If the identification number is found it shall be checked with
the list of stolen boats maintained by the National Crime
Information Center. If the identification number is not found the
police agency shall apply to the State Marine Board for
renumbering as provided in ORS 830.895.
{ + NOTE: + } Inserts comma in (1).
SECTION 318. ORS 836.072 is amended to read:
836.072. (1) Moneys from the increases in taxes by the
amendments to ORS 319.020 by sections 1 and 3, chapter 1037,
Oregon Laws 1999, shall be used by the Oregon Department of
Aviation to establish and fund a program to maintain and preserve
the pavements used for runways, taxiways and aircraft parking
areas at public use airports in this state.
(2) Projects for maintenance and preservation of pavements at
public use airports that are identified in the plan developed
under ORS 835.015 are eligible for funding under this section.
The following expenses of projects selected may be funded under
this section:
(a) Construction expenses;
(b) Engineering expenses; and
(c) Administrative expenses.
(3) The { - manager of the department's aviation program - }
{ + Director of the Oregon Department of Aviation + } shall
prepare a list of recommended projects. Factors to be used by the
{ - manager - } { + director + } include, but are not limited
to:
(a) The age and condition of pavements;
(b) An airport's role in the state's aviation system, as
described by the plan developed under ORS 835.015; and
(c) Local financial participation in projects.
(4) The { - manager - } { + director + } shall forward the
list of recommended projects to the aviation advisory committee
established under ORS 835.009. The committee shall review the
list and shall present the list, with any comments, to the State
Aviation Board for approval.
(5) The department may adopt such rules as it deems necessary
for implementation of the airport pavement preservation program.
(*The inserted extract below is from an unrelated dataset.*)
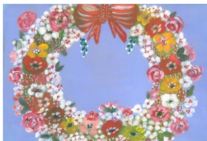
Ανοιξιάτικο στεφανάκι, Πίνακας Ζωγραφικής Χρυσούλας Ραμουτσάκη

2 η Ημέρα Συνεδρίου: Τρίτη, 2 Μαρτίου 2021

{ + NOTE: + } Corrects references to state agency official in
(3) and (4).
SECTION 319. ORS 836.215 is amended to read:
836.215. Private property, or any interest therein of whatever
kind, and an easement for the operation of aircraft and all
operations incidental thereto, to and from the property for the
purposes specified in ORS 836.200, may be acquired by any
municipality, by gift, grant, purchase, lease or contract, if
{ - it - } { + the municipality + } is able to agree with the
property owners on the terms of acquisition. If { - they - }
{ + the municipality and the property owners + } are unable to
agree upon terms, private property may be acquired by
condemnation in the manner provided in ORS chapter 35. As an
alternative, the municipality, if a port, may condemn
{ - said - } { + the + } private property, or any interest
therein, for the operation of aircraft and all operations
incidental thereto, in the same manner and procedure as is
{ - then - } provided by statute for condemnation of property
by corporations organized for construction and operation of
railroads.
{ + NOTE: + } Clarifies terminology and corrects word choice.